Items listed in a dataset:
○ ○ ○ ○ ○

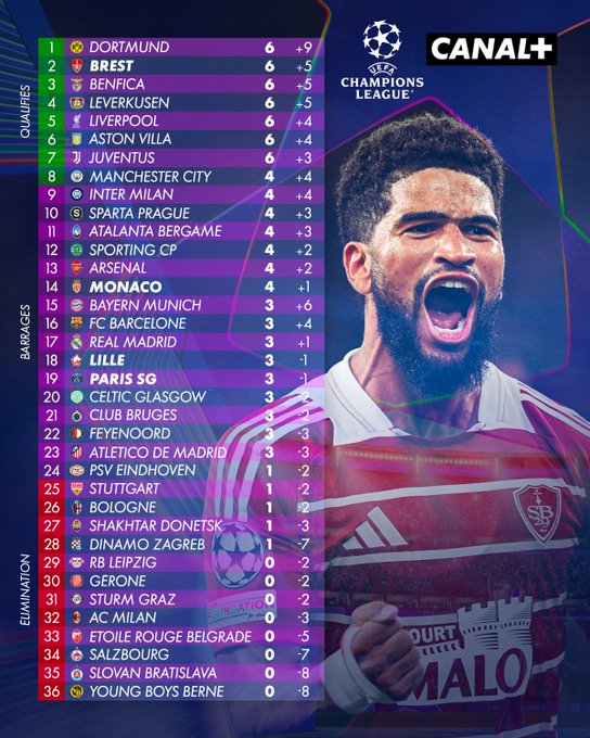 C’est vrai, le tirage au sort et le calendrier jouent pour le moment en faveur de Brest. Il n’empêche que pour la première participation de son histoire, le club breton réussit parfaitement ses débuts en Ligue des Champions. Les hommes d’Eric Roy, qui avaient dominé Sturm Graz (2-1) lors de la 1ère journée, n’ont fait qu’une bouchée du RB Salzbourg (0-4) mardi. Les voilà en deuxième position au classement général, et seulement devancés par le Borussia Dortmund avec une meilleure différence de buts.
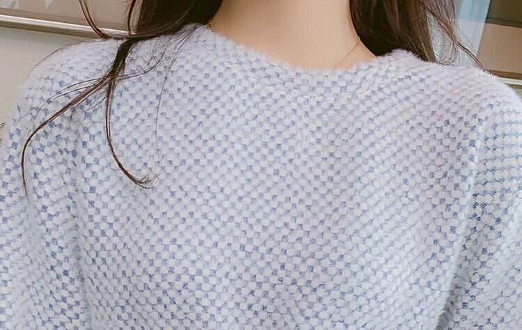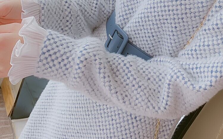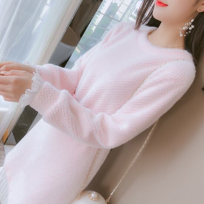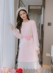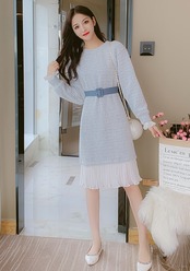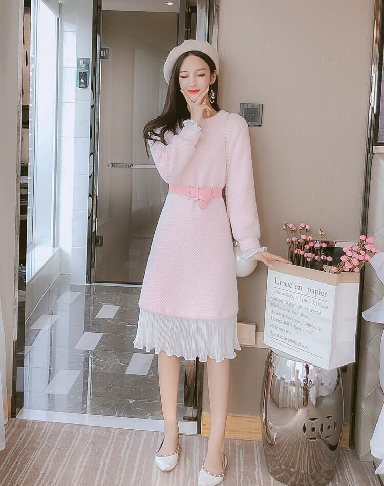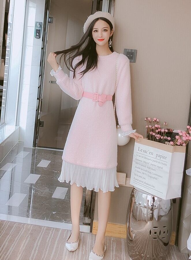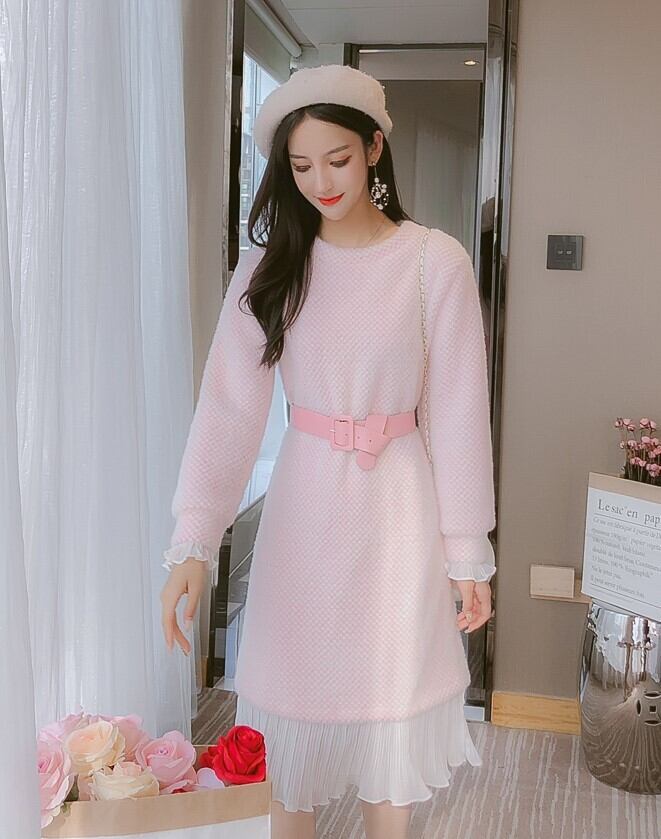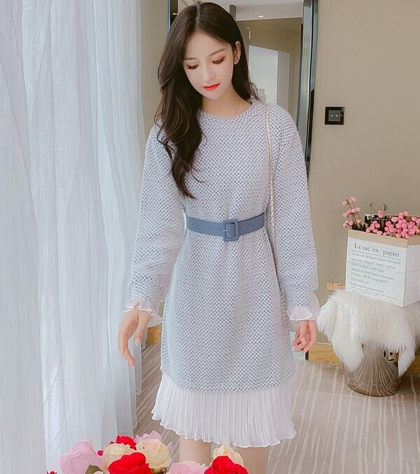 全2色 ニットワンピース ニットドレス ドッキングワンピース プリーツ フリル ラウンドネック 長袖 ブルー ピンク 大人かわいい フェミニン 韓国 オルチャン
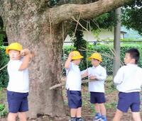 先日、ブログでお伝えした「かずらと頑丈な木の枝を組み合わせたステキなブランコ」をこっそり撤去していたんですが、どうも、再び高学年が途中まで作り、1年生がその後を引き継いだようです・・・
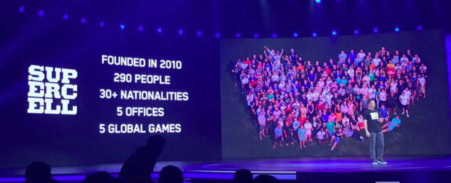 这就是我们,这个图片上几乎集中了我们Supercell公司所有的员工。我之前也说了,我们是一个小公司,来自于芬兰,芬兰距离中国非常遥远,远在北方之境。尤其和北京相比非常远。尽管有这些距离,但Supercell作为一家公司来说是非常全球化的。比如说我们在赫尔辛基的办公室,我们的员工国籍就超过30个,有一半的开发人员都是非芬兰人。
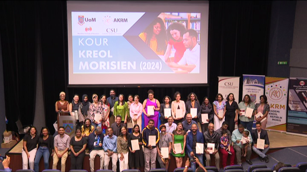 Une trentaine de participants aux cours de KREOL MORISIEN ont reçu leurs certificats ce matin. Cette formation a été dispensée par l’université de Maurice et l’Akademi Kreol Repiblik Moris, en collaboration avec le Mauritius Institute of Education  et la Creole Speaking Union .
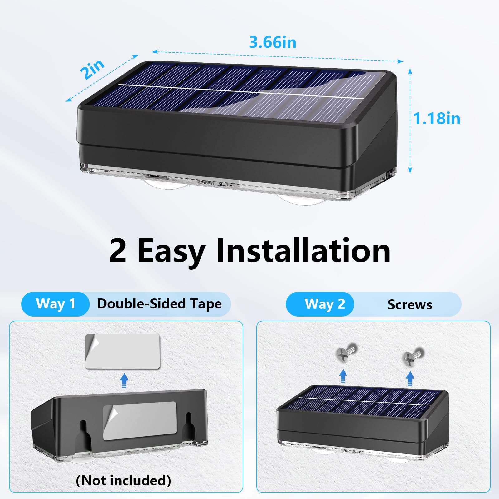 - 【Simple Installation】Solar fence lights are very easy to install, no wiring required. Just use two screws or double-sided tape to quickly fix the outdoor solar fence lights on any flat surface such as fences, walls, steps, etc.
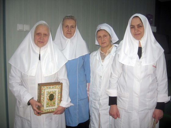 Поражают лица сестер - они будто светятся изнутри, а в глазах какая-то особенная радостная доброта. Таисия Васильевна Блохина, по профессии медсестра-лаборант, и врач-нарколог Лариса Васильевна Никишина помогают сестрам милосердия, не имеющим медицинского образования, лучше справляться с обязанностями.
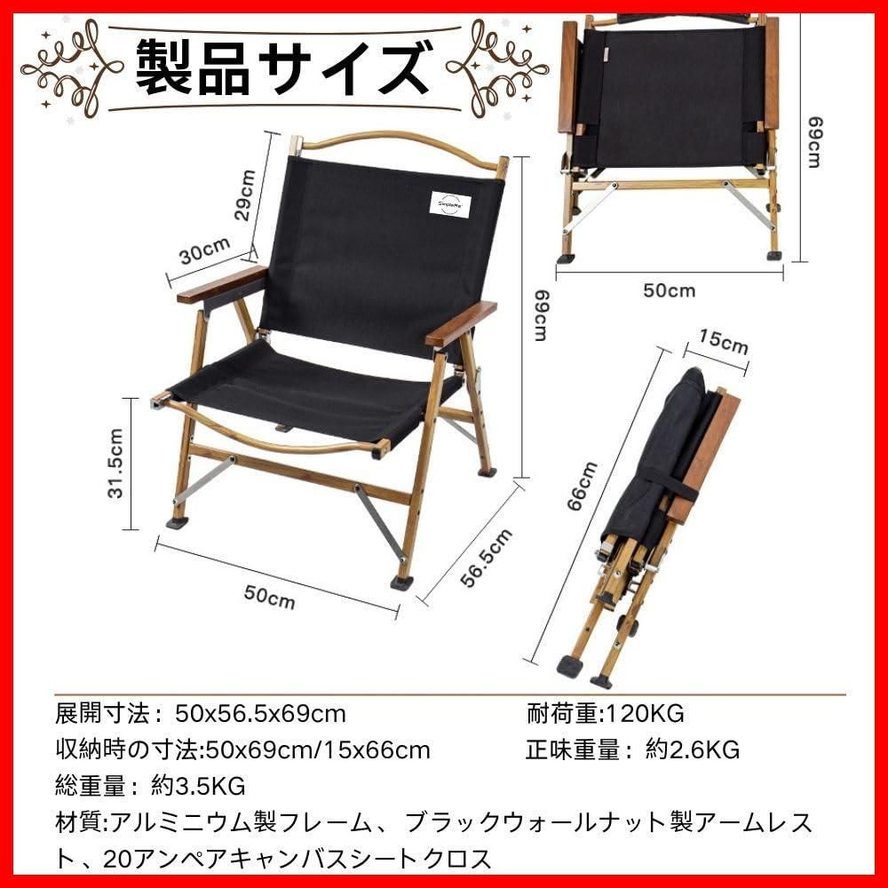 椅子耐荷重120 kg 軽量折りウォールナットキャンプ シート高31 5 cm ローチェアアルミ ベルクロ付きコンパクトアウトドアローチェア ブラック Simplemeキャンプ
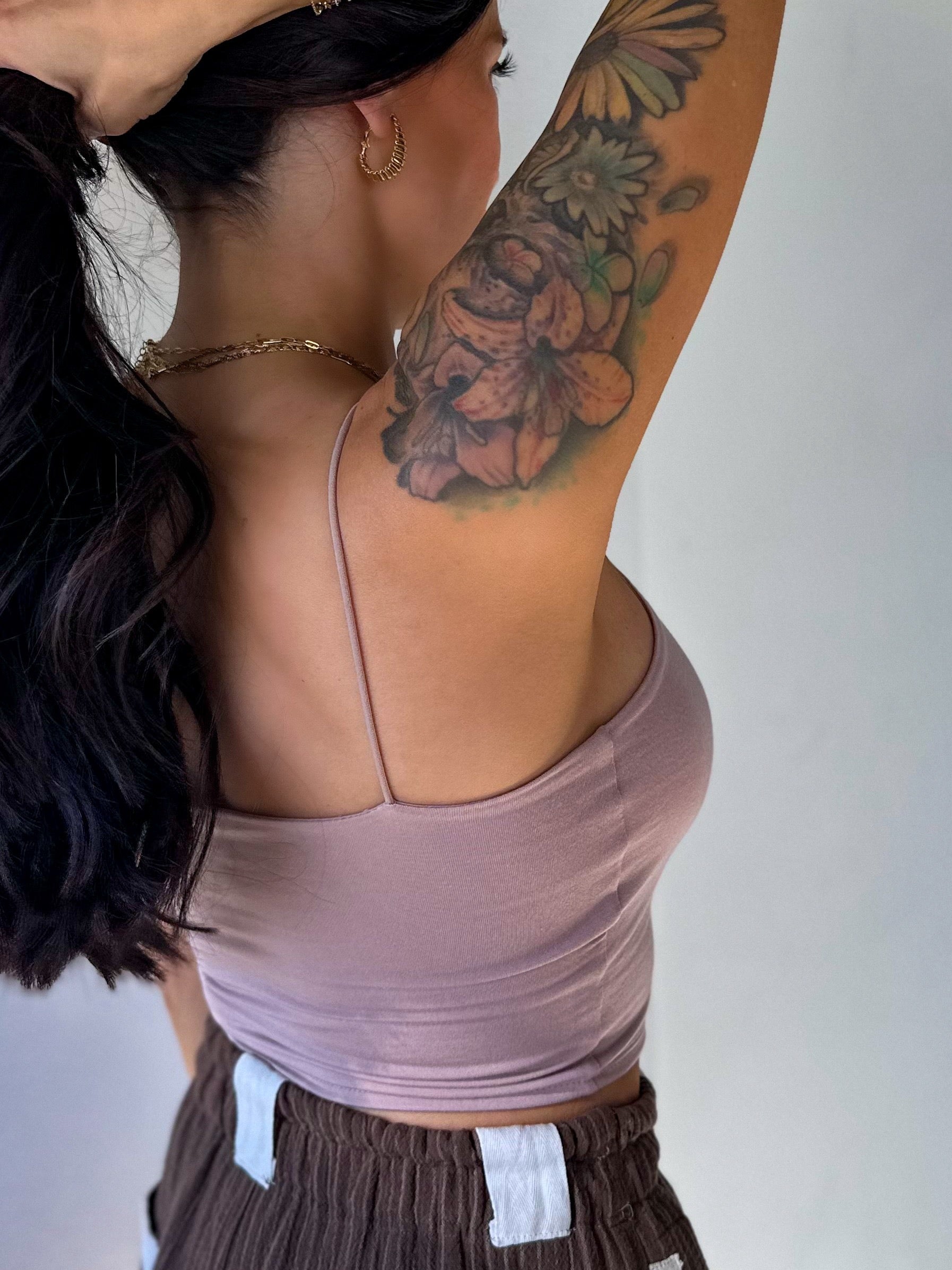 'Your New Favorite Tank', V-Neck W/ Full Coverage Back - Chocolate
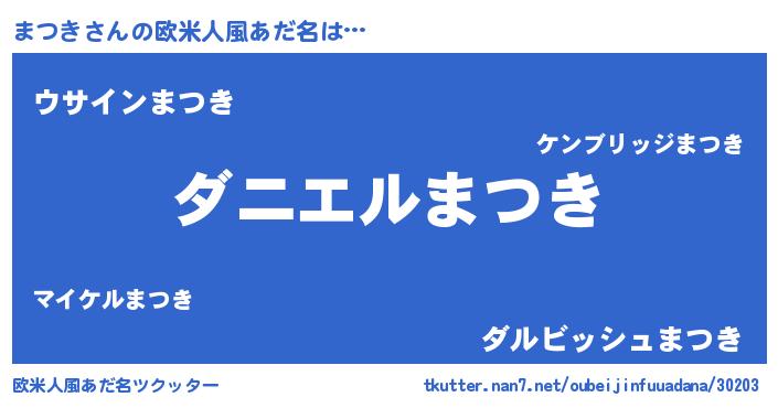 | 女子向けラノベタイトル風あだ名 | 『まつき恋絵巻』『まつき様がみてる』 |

○ ○ ○ ○ ○

Problem requirements: Go to the line above holding "全2色 ニットワンピース ニットドレス", then copy exactly each line down to and including the one holding "先日、ブログでお伝えした「か", leaving pictures out.

Task output:
 全2色 ニットワンピース ニットドレス ドッキングワンピース プリーツ フリル ラウンドネック 長袖 ブルー ピンク 大人かわいい フェミニン 韓国 オルチャン
 先日、ブログでお伝えした「かずらと頑丈な木の枝を組み合わせたステキなブランコ」をこっそり撤去していたんですが、どうも、再び高学年が途中まで作り、1年生がその後を引き継いだようです・・・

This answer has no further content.